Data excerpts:
┄┄┄┄┄┄

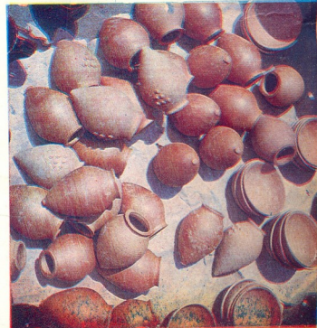
შპანი ან ძველი,
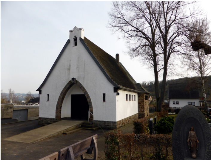
Friedhofskapelle auf dem Kommunalfriedhof in Sinzig (2015)
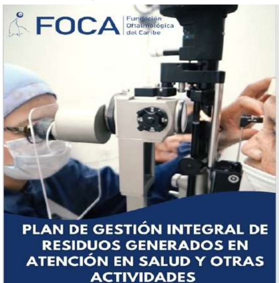
Imagen 1. PGIRASA

FUNDACION OFTALMOLOGICA DEL CARIBE presentó actas de las reuniones realizadas por el Grupo Administrativo de Gestión Ambiental (GAGA), evidenciando cumplimiento con lo establecido en el Manual de Procedimientos para la Gestión Integral de los Residuos Hospitalarios y similares.
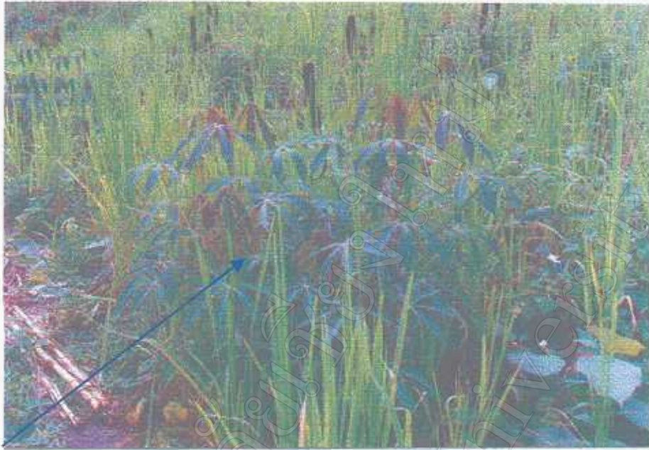
มันสำปะหลังพืชที่ปลูกแซมในไร่ข้าว
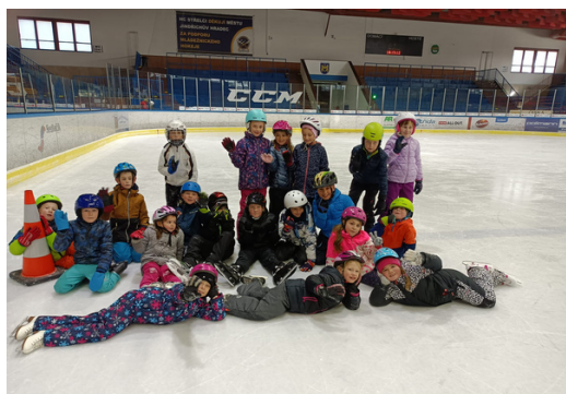
ŽÁČCI 2. B NA LEDĚ. Po sportu musí být čas také zapózovat fotografům.

Žáci druhých tříd se učí od poloviny října bruslit. Neodradí je ani odřená kolena. Na jindřichohradeckém stadionu Jana Marka by chtěli trávit více času.

┄┄┄┄┄┄

# BRIEF
Each line, starting with the one containing "ŽÁČCI 2. B NA" and ending with the last line of the records above, should be reproduced exactly.

# ANSWER TO THIS TASK
ŽÁČCI 2. B NA LEDĚ. Po sportu musí být čas také zapózovat fotografům.

Žáci druhých tříd se učí od poloviny října bruslit. Neodradí je ani odřená kolena. Na jindřichohradeckém stadionu Jana Marka by chtěli trávit více času.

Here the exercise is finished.